My advice, don’t stoop to her level and don’t reply if you don’t have to. Never fuel the fire. People are angry for a reason and that reason lies within them.

notsobad's picture

Only people who are Not in a step situation would think that. I’m also betting that the people saying it are women.

In all fairness, it’s easy to understand why they think that way. In most intact families, Mom talks to the kids and passes on info to Dad. DHs parents are still married (54 years) and the only time he talks to his Dad is when it’s about work. They both do construction and concrete work. 

When it comes to making plans or just general life stuff, I talk to MIL or DH talks to her. The one time I asked FIL what he wanted to do on Fathers Day, he said ask MIL!

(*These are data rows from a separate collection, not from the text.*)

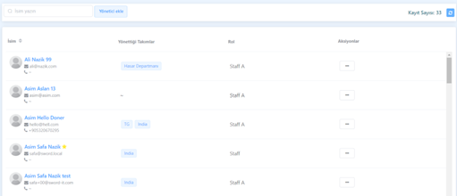 Burada yönetici olarak seçilen çalışanlar, kendisinden başka çalışanların verilerine bakabilen ve aynı zamanda yönetici kısmında da görüntüleme yetkisine sahiptir.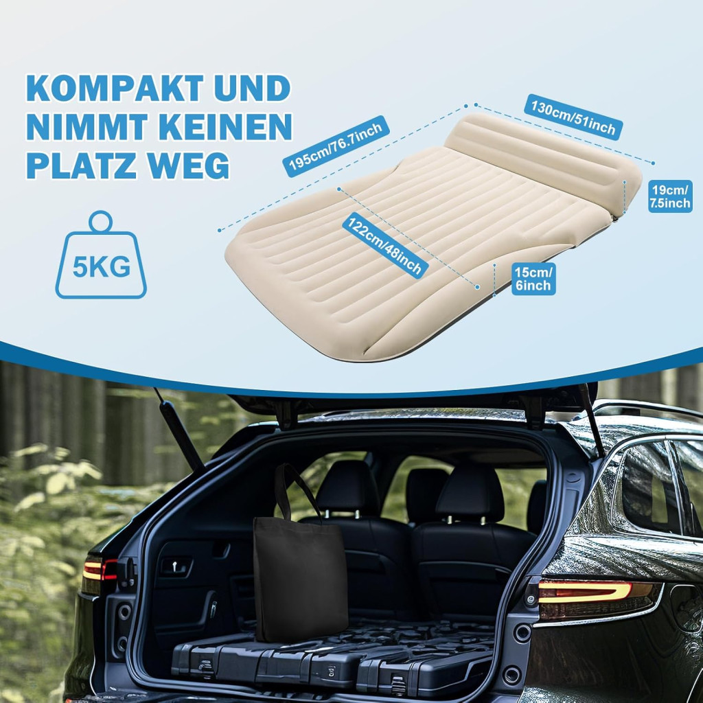 A 195 x 130 cm-es méret biztosítja, hogy a legtöbb járműben kényelmesen elférjen, miközben a 15 cm-es vastagság kellő távolságot biztosít a csomagtartó kemény felületétől. A matrac súlya mindössze 4 kg, így könnyen mozgatható és tárolható, amikor nincs használatban.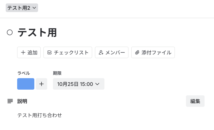 今回は以下のカードを作成し「テスト用2」のリストに移動させてみました。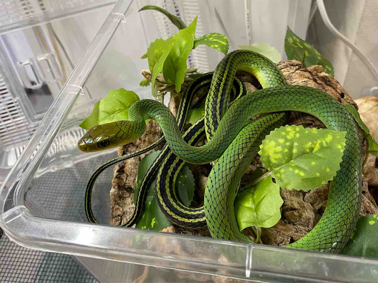 一般的なヘビを飼うように狭いケースでパネヒのみの飼育でも飼えなくはないですが、本種の本来のポテンシャルを引き出したいのなら騙されたと思って是非お試しあれ。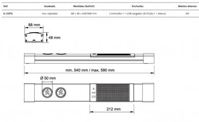 · Medidas: 88 x 48 x 540/590 mm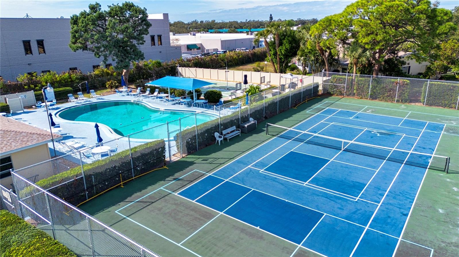 Welcome to your perfect retirement retreat in the sought-after DeSoto Square Villas, a desirable 55-plus community that offers a maintenance-free lifestyle filled with social activities and amenities. Located just across from the pool and tennis courts is this Beautiful one-bedroom, one-bath villa that presents a bright and open feel with tiled flooring throughout. Enjoy the convenience of a negotiable turn-key option. The kitchen features granite countertops, solid wood cabinets, pantry, updated appliances, and a delightful window view sink. The indoor laundry is equipped with a newer washer and dryer. The primary bedroom will comfortably fit a queen bed (king size too) along with additional furnishings, the bathroom vanity is solid wood with granite top , safety grab bars in shower / tub, and new comfort-height commode. Best of all is the inviting Lanai-Florida room, imagine sitting with a favorite book and beverage, from there -private access to your outdoor patio and a serene garden view that creates an ideal spot for relaxation. Benefit from the space saving Murphy bed, perfect for your house guests. PGT hurricane windows throughout, providing safety, noise canceling, and energy savings. New roof in 2024, New water heater replaced in 2025, indoor laundry with newer washer and dryer. Experience year-round leisure at the geothermal heated pool, socialize in the clubhouse, play billiards, exercise, or stay active with pickleball, tennis, and shuffleboard. DeSoto Villas is close proximity to medical facilities, places of worship, restaurants, shopping, public transportation, and many beautiful nearby beaches to choose from. Start your new adventure in this charming villa.
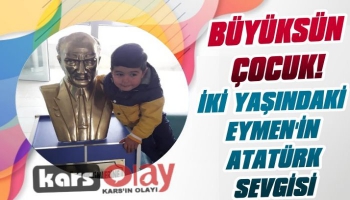Kars Olay- Karsın Selim İlçesine bağlı Bayburt Köyü'nde yaşayan 2 yaşındaki Eymen Aymelek'in Atatürk sevgisini gösteren fotoğrafları sosyal medyada büyük beğeni topladı.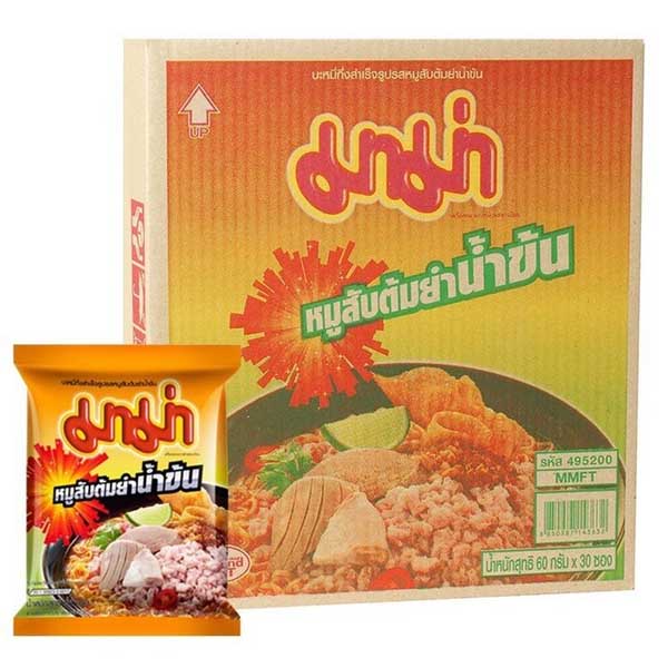 มาม่า บะหมี่กึ่งสำเร็จรูป กล่อง 30ซอง [หมูสับ,ต้มยำกุ้ง,หมูต้มยำน้ำข้น,ต้มยำน้ำข้น,หมูต้มยำ,เย็นตาโฟหม้อไฟ] ซอง60กรัม

SIL never talks to her Dad on the phone. She chats with him when she sees him but it’s her Mom who knows all about her life and the grandkids. Mom then shares all the info with Dad and everyone is caught up.

 

ndc's picture

1.  Don't reach out to HCBM.  No good can come from that.

2.  There's no need to co-parent an adult child.  There *may* be the rare time when communication could be warranted - weddings, funerals, etc.  But in general, no.  My dad's parents divorced when he and his siblings were all over 18.  With the exception of a passing hello at one grandchild's wedding, they haven't spoken to each other since, let alone co-parented.